Activation of the phagocyte NADPH oxidase protein p47phox -: Phosphorylation controls SH3 domain-dependent binding to p22phox

Activation of phagocyte NADPH oxidase requires interaction between p47(phox) and p22(phox), p47(phox);, resting phagocytes does not bind p22(phox). Phosphorylation of serines in the p47(phox) C terminus enables binding to the p22(phox) C terminus by inducing a conformational change in p47(phox) that unmasks the SH3(A) domain. We report that an arginine/lysine-rich region in the p47phox C terminus binds the p47(phox) SH3 domains expressed in tandem (SH3(AB)) but does not bind the individual N-terminal SH3(A) and C-terminal SH3(B) domains. Peptides matching amino acids 301-320 and 314-335 of the p47(phox) arginine/lysine-rich region block the p47(phox) SH3(AB)/p22(phox) C-terminal and p47(phox) SH3(AB)/p47(phox) C-terminal binding and inhibit NADPH oxidase activity in vitro, Peptides with phosphoserines substituted for serines 310 and 328 do not block binding and are poor inhibitors of oxidase activity.

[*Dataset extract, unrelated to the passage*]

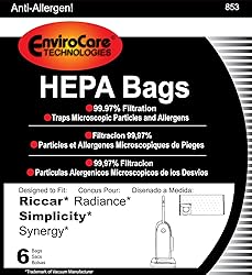 EnviroCare Replacement HEPA Vacuum Cleaner Dust Bag Designed to Fit Riccar Radiance and Simplicity X9 Uprights 6 pack Replaces Simplicity Part Number SXH-6 Replaces Riccar Part Number RXH-6 99.7% HEPA Filtration Manufactured by EnviroCare

Mutated full-length p47(phox) with aspartic acid substitutions to mimic the effects of phosphorylations at serines 310 and 328 bind the p22(phox) proline-rich region in contrast to wild-type p47(phox), We conclude that the p47(phox) SH3(A) domain-binding site is blocked by an interaction between the p47(phox) SH3(AB) domains and the C-terminal arginine/lysine-rich region. Phosphorylation of serines in the p47(phox) C terminus disrupts this interaction leading to exposure of the SH3(A) domain, binding to p22(phox) and activation of the NADPH oxidase.